Being aware that what one thinks is truth, may not be necessarily the truth, because everyone views life situations through their own personal and unique life filters. Self awareness of the story a parent is telling themselves of the present situation is the beginning to shift. Often stories are the result of taking things personal or fear of an undesired outcome. Understanding the story can be muted, edited or changed is in the power of the story teller. Parent are the story tellers. Although life may not be as personal as we think it is, we are more responsible than we think we are, for how we experience life.

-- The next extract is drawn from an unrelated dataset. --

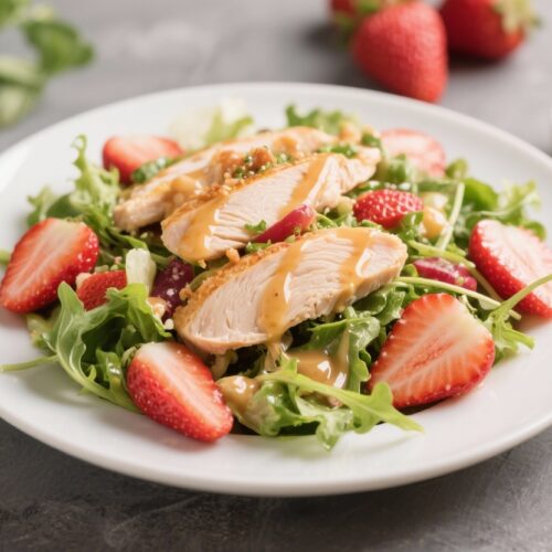 High-Protein Strawberry Chicken Spring Salad with Light Honey Dressing

The discipline of Acceptance has the power to dramatically change how a parent feels in the moment. Acceptance is only as easy or hard as parent believes it is. Often acceptance means different things to different people. Acceptance is when you can accept the moment as it is, not wanting it to be like it was in the past or wanting it to be different in the future than it is now. Judgements and labels can be the blocks to acceptance and letting things go. Wanting what is best for their kids is not wrong but when an outcome is linked to their own self esteem or value as a parent, it is a recipe for dysfunction. Adopting an attitude of trust over fear can be very effective in practicing acceptance. “Trust the process”, can be a helpful affirmation to consider adopting.
The discipline of Conscious Choice making is exactly that, a choice made in the moment with conscious awareness. When a parent can be aware of their surroundings, feelings and accept those things that are not in their control than they can step into their power and make a conscious choice. When a parent can choose to be in the present moment and speak their truth in a meaningful manner, they will be able to role model what an effective and mindful hockey parent looks like and sounds like. The results will be a more enjoyable hockey experience for everyone at the rink and a deeper more enriching hockey experience for their kids.